## [DATASET EXCERPTS]

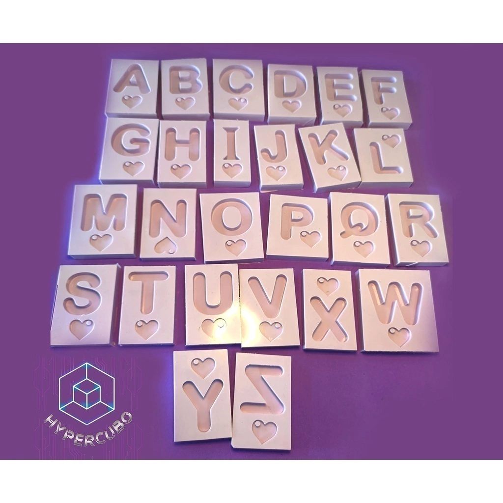 • ALFABETO COMPLETO composto de 26 moldes SEPARADOS com brinde de 1 Mini Coração em cada molde
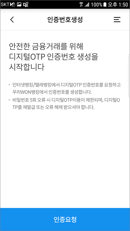 디저털OTP 발생기 정보입력에서 인증번호 요청을 선택합니다.
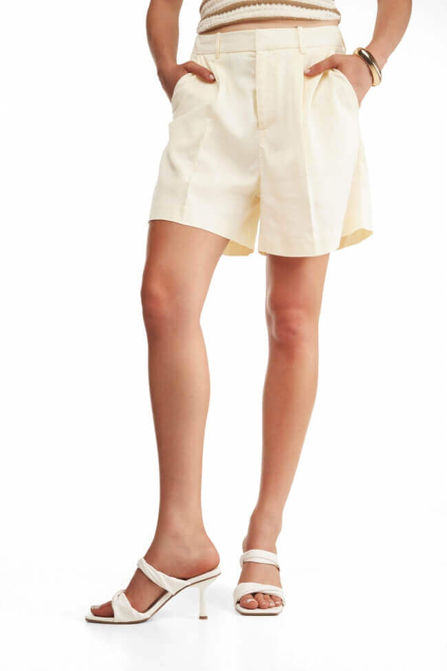 - Linen co-ord set in pastel colors & bold bag for minimal glam.
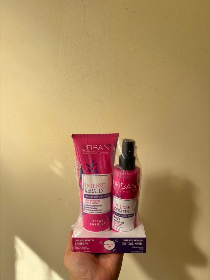 Urban Intense Keratin saç bakım seti, şampuan ve sıvı saç kreminden oluşur. Saçı güçlendirir ve korur, vegan formüle sahiptir. Saçıma uygun olmadığı için satıyorum hiç açılmadı
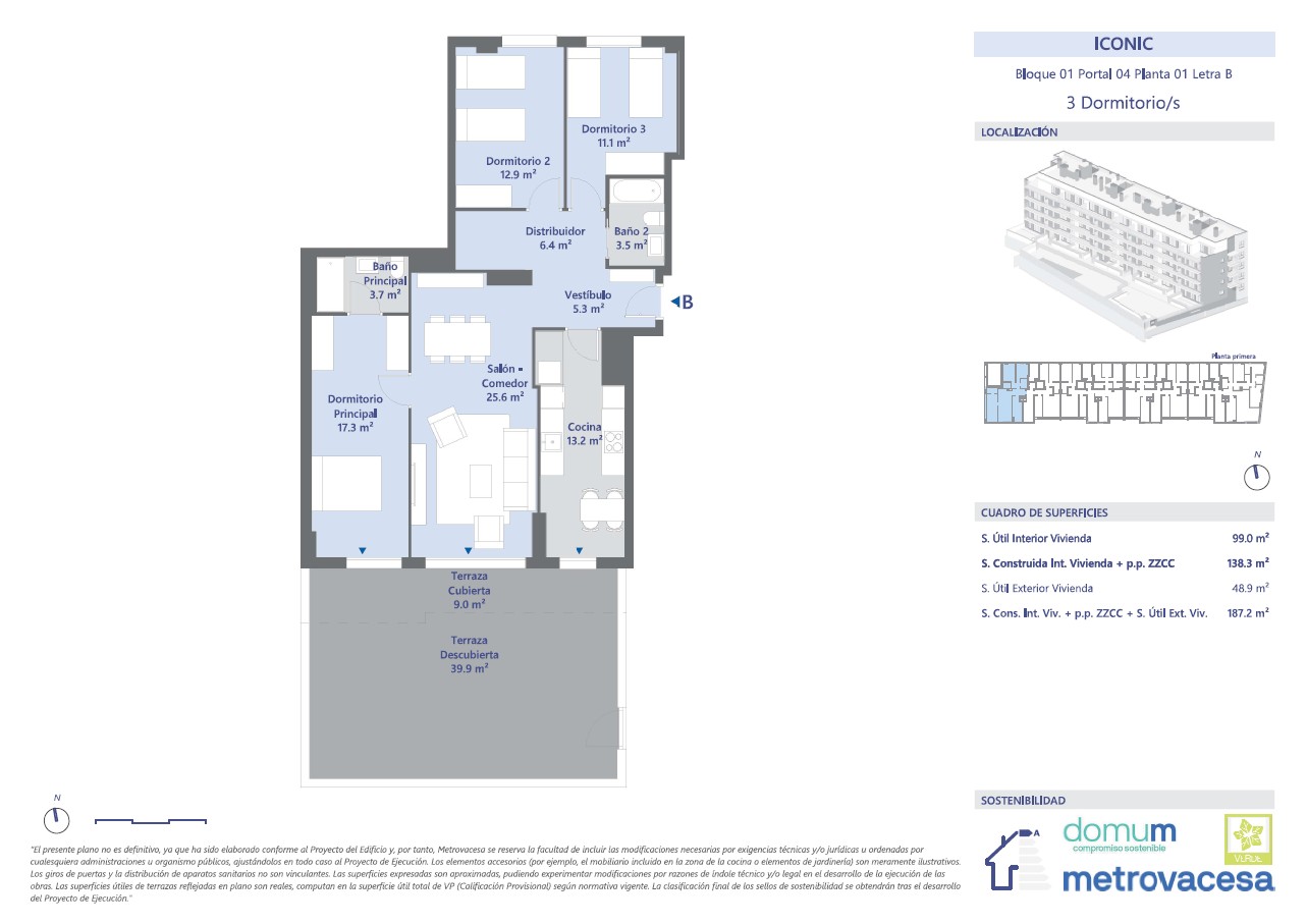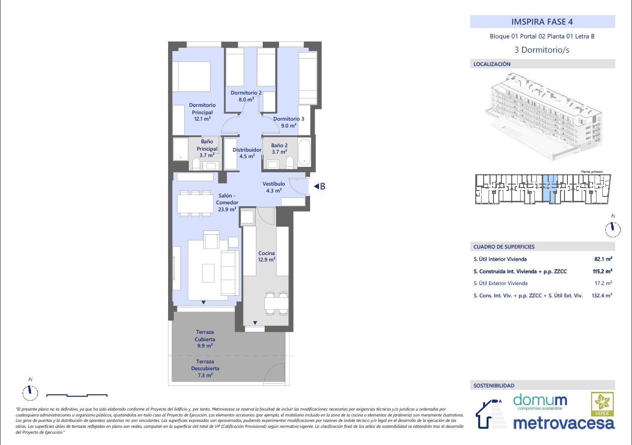 * El ahorro económico y energético mostrado en esta simulación es puramente informativo, por lo tanto, Metrovacesa no tiene ninguna responsabilidad ni obligación sobre dichos resultados. El cálculo se ha hecho basado en los datos incluidos en el documento "Calificación de la eficiencia energética de los edificios" versión 1.1 de Noviembre de 2015, publicado por el IDAE. Ministerio de Industria, Energía y Turismo.
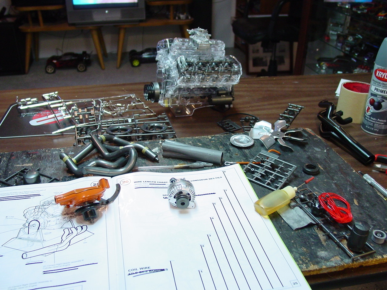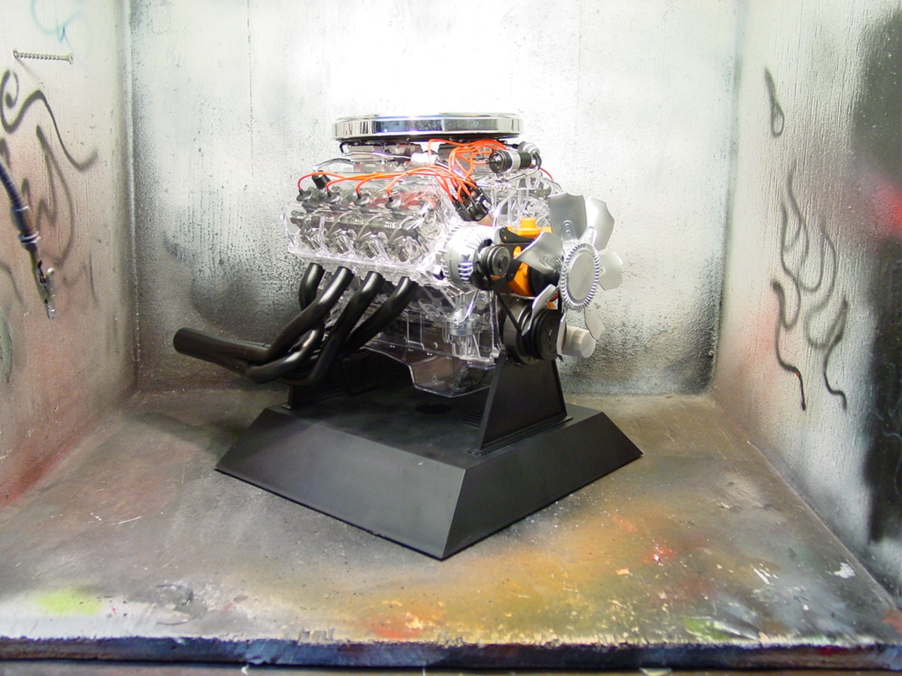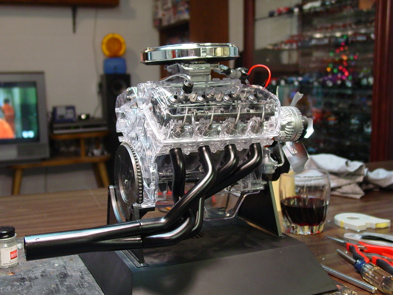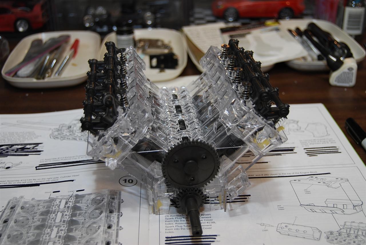 I built a clear engine when I was a kid and I wanted to do another. This was a tedious but fun build. The valve train and other internal components were cumbersome but turned out awesome. I had built the internal portion of this kit about a year earlier. I stopped when I got to the point of needing paint. I pulled this kit out, bought some spray paint and went to town with the final details.
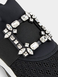 Roger Vivier presents a running shoe that is extremely feminine, inspired by some of his most symoblic creations: the iconic buckle of the Belle Vivier and the Choc heel, instantly recognized by the curved silhouette it produces. As an elegant accessory of the dynamic woman, the Viv' Run, adorned with a shiny crystal buckle, are perfect for running between appointments, without compromising on style. Description & details Made in Italy High tech and scuba effect fabric upper Leather detailing Front Strass Buckle with crystals Front elasticated panel Rubber outsole max 3 ins Maintenance and care cards included Branded dustbag Mod: RVW50624180KOTB999
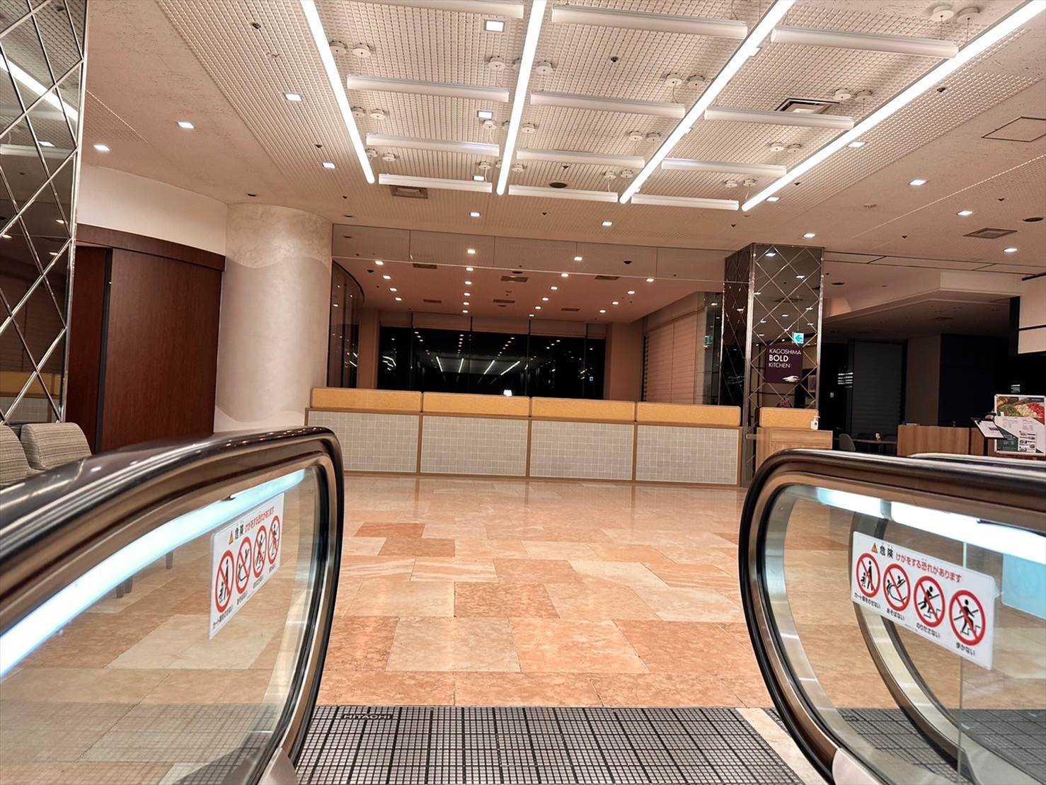 ▲フロントは2階にあるので、建物に入った後エスカレーターで移動します。
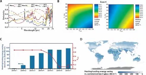 在基于自响应太阳光-长波红外双调控智能窗户光学数据的实际建筑耗能计算机模拟中作者发现:相比于传统的太阳光调控智能窗户和市售低辐射玻璃,双波段调控智能窗户在全球各气候区,尤其是四季分明的气候区,具有显著的节能优势。与市售低辐射玻璃相比,双波段调控智能窗户最高可节约324.6MJ/m2的制冷/制热能耗。
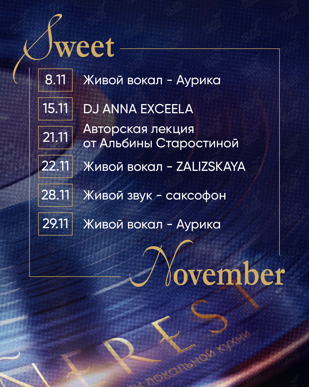 Ноябрь создан для теплых вечеров - когда музыка звучит мягче, напитки становятся горячее, а разговоры - искреннее. Каждую неделю будем встречаться за красивым звуком, живым голосом и атмосферой, в которой хочется задержаться.
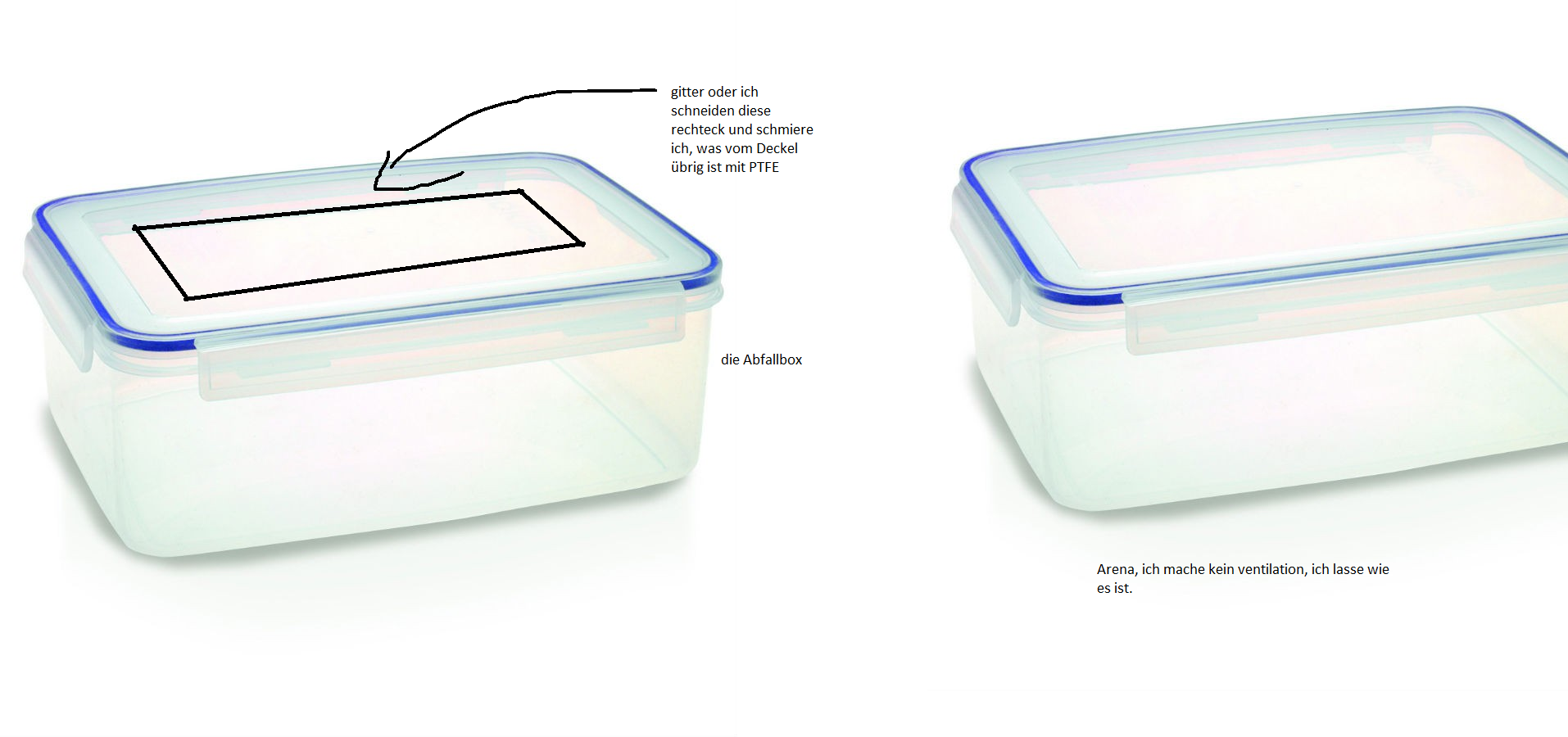 Hier is arena (outworld, I weiss nicht wie heisst das in DE:)) und Abfallbox. Abfallbox wird vereint mit dem schlange(25 cm) und arena mit 15cm schlange.
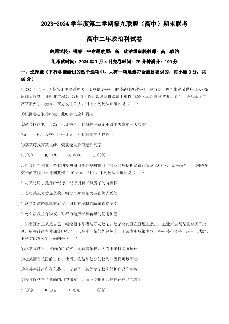 福建省福州市九县(市、区)一中高2025届下学期7月期末考试政治+答案
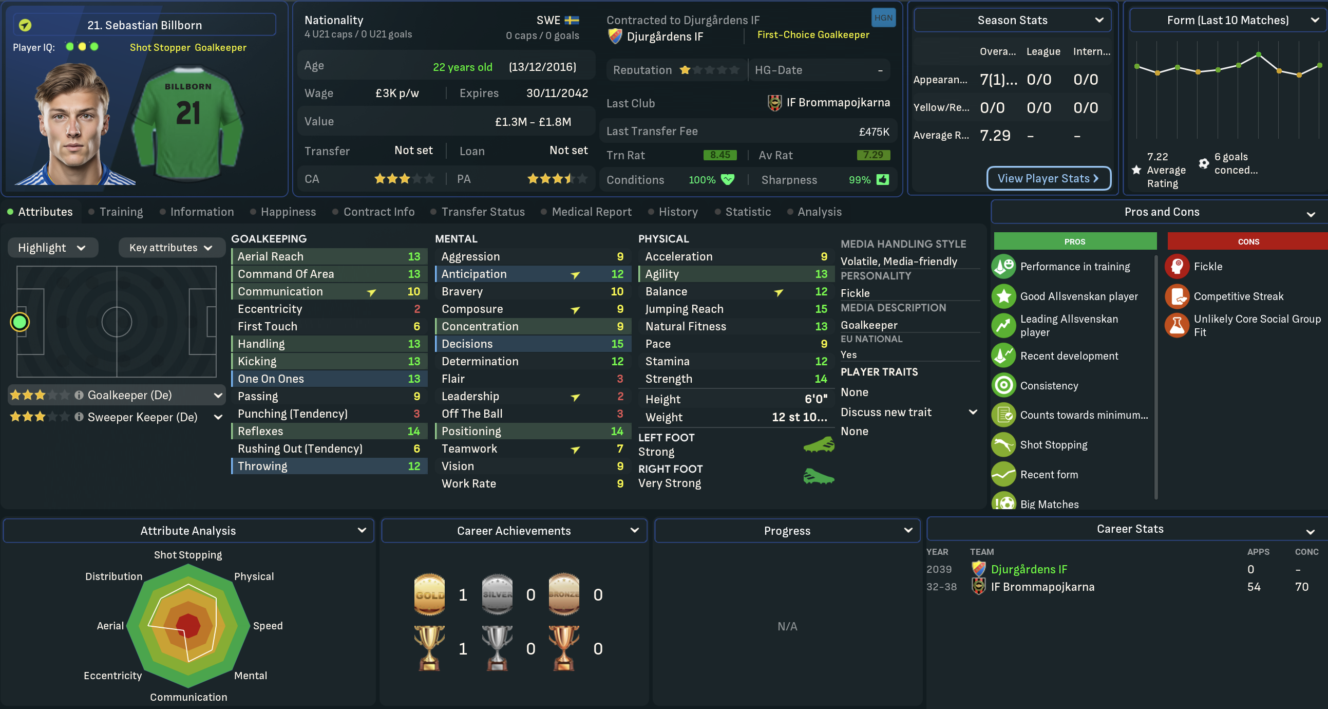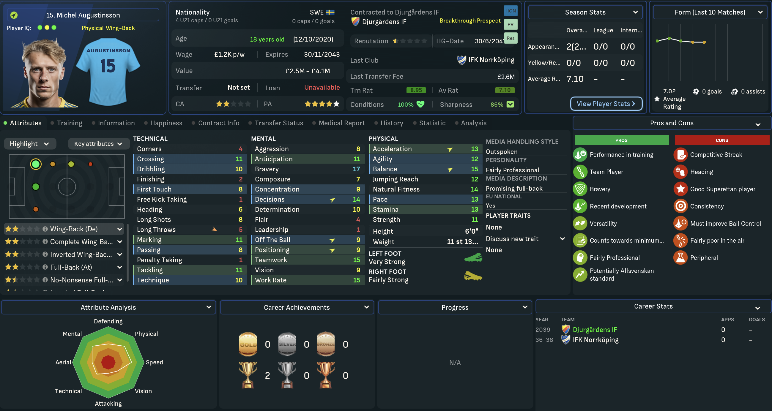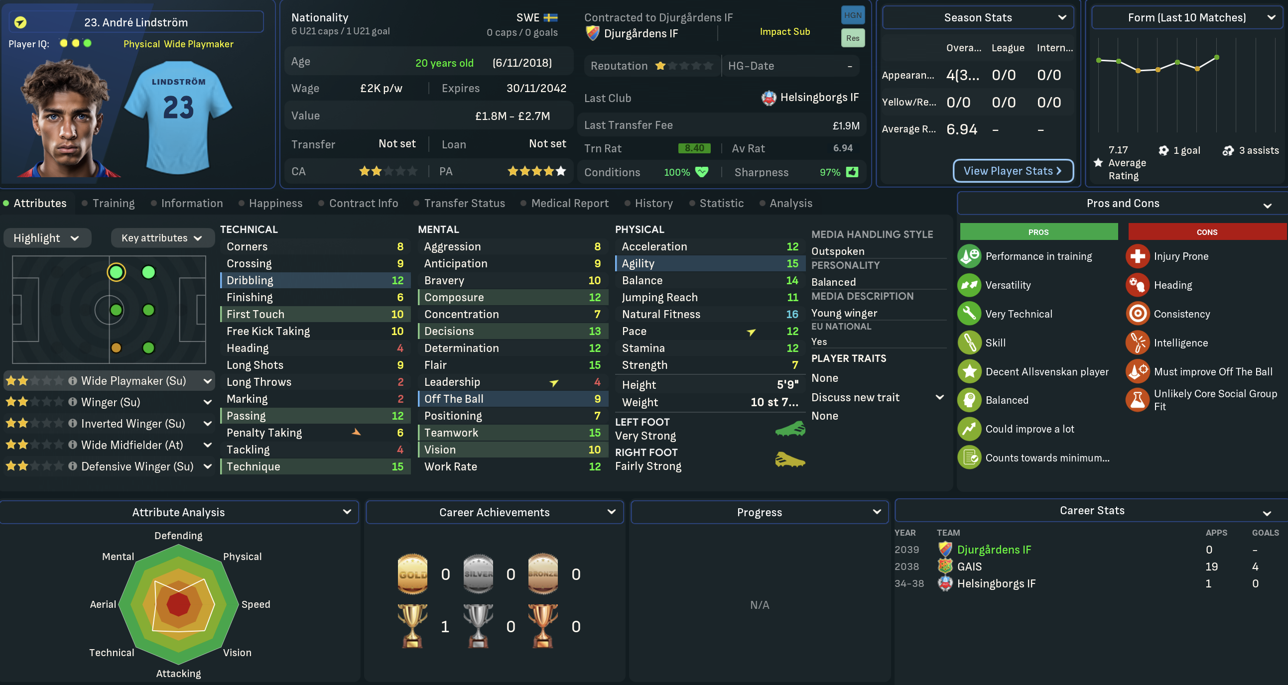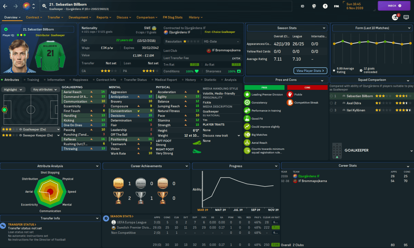 Djurgårdens’ European participation had boosted their finances to £17m and Mahtal had a £12.7m transfer kitty ahead of the 2039 campaign. That was boosted by selling 32-year-old backup wingers Melvin Persson and Meltiadis Lolos to OFI and Lens for £1.5m and £600k, 31-year-old keeper Simen Yttervik to AZ for £500k and 33-year-old midfielder Mohamed Fofana to Strømsgodset for £500k.

## [TASK DETAILS]
A faithful, complete copy of the records above is required, one that contains no pictures.

## [SOLUTION]
 • ALFABETO COMPLETO composto de 26 moldes SEPARADOS com brinde de 1 Mini Coração em cada molde
 디저털OTP 발생기 정보입력에서 인증번호 요청을 선택합니다.
 - Linen co-ord set in pastel colors & bold bag for minimal glam.
 Urban Intense Keratin saç bakım seti, şampuan ve sıvı saç kreminden oluşur. Saçı güçlendirir ve korur, vegan formüle sahiptir. Saçıma uygun olmadığı için satıyorum hiç açılmadı
 * El ahorro económico y energético mostrado en esta simulación es puramente informativo, por lo tanto, Metrovacesa no tiene ninguna responsabilidad ni obligación sobre dichos resultados. El cálculo se ha hecho basado en los datos incluidos en el documento "Calificación de la eficiencia energética de los edificios" versión 1.1 de Noviembre de 2015, publicado por el IDAE. Ministerio de Industria, Energía y Turismo.
 I built a clear engine when I was a kid and I wanted to do another. This was a tedious but fun build. The valve train and other internal components were cumbersome but turned out awesome. I had built the internal portion of this kit about a year earlier. I stopped when I got to the point of needing paint. I pulled this kit out, bought some spray paint and went to town with the final details.
 Roger Vivier presents a running shoe that is extremely feminine, inspired by some of his most symoblic creations: the iconic buckle of the Belle Vivier and the Choc heel, instantly recognized by the curved silhouette it produces. As an elegant accessory of the dynamic woman, the Viv' Run, adorned with a shiny crystal buckle, are perfect for running between appointments, without compromising on style. Description & details Made in Italy High tech and scuba effect fabric upper Leather detailing Front Strass Buckle with crystals Front elasticated panel Rubber outsole max 3 ins Maintenance and care cards included Branded dustbag Mod: RVW50624180KOTB999
 ▲フロントは2階にあるので、建物に入った後エスカレーターで移動します。
 在基于自响应太阳光-长波红外双调控智能窗户光学数据的实际建筑耗能计算机模拟中作者发现:相比于传统的太阳光调控智能窗户和市售低辐射玻璃,双波段调控智能窗户在全球各气候区,尤其是四季分明的气候区,具有显著的节能优势。与市售低辐射玻璃相比,双波段调控智能窗户最高可节约324.6MJ/m2的制冷/制热能耗。
 Ноябрь создан для теплых вечеров - когда музыка звучит мягче, напитки становятся горячее, а разговоры - искреннее. Каждую неделю будем встречаться за красивым звуком, живым голосом и атмосферой, в которой хочется задержаться.
 Hier is arena (outworld, I weiss nicht wie heisst das in DE:)) und Abfallbox. Abfallbox wird vereint mit dem schlange(25 cm) und arena mit 15cm schlange.
 福建省福州市九县(市、区)一中高2025届下学期7月期末考试政治+答案
 Djurgårdens’ European participation had boosted their finances to £17m and Mahtal had a £12.7m transfer kitty ahead of the 2039 campaign. That was boosted by selling 32-year-old backup wingers Melvin Persson and Meltiadis Lolos to OFI and Lens for £1.5m and £600k, 31-year-old keeper Simen Yttervik to AZ for £500k and 33-year-old midfielder Mohamed Fofana to Strømsgodset for £500k.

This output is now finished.